Yamada Jun, Sugimoto Yumi, Yamada Shizuo
Department of Pharmacology, Kobe Pharmaceutical University, Motoyamakita-machi, Higashinada-ku, Kobe 658-8558, Japan.
Eur J Pharmacol. 2004 Nov 19;504(3):207-11. doi: 10.1016/j.ejphar.2004.09.057.

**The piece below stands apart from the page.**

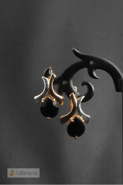 Великолепные серьги, выполненые из ювелирного сплава цвета золота и серебра. Серьги украшены крупным цирконом черного цвета.
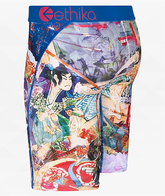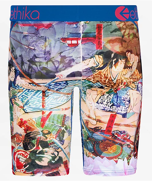 The Dynasty boxer briefs from Ethika feature a navy elastic waistband with sublimated graphics throughout of historical and contemporary Chinese imagery. For all day comfort, this underwear has a lightweight and breathable construction with no-rise techno

The effects of dopamine re-uptake inhibitors, bupropion and nomifensine on immobility in the forced swimming test were studied in mice. Bupropion and nomifensine reduced immobility time dose-dependently. Both drugs significantly displayed anti-immobility effects at doses without altering locomotor activity. Anti-immobility effects of bupropion and nomifensine were inhibited by the dopamine D1 receptor antagonist R-(+)-7-chloro-8-hydroxy-3-methyl-1-phenyl-2,3,4,5-tetrahydro-1H-3-benzazepine-HCl (SCH 23390) and the dopamine D2 receptor antagonist sulpiride. These findings suggest that dopamine may be related to depression and dopamine D1 and dopamine D2 receptors play a role in the effects of dopamine re-uptake inhibitors.
在小鼠中研究了多巴胺再摄取抑制剂安非他酮和诺米芬辛对强迫游泳试验中不动时间的影响。安非他酮和诺米芬辛剂量依赖性地减少了不动时间。两种药物在不改变运动活性的剂量下均显著表现出抗不动作用。多巴胺D1受体拮抗剂R-(+)-7-氯-8-羟基-3-甲基-1-苯基-2,3,4,5-四氢-1H-3-苯并氮杂卓盐酸盐(SCH 23390)和多巴胺D2受体拮抗剂舒必利抑制了安非他酮和诺米芬辛的抗不动作用。这些发现表明多巴胺可能与抑郁症有关,并且多巴胺D1和多巴胺D2受体在多巴胺再摄取抑制剂的作用中发挥作用。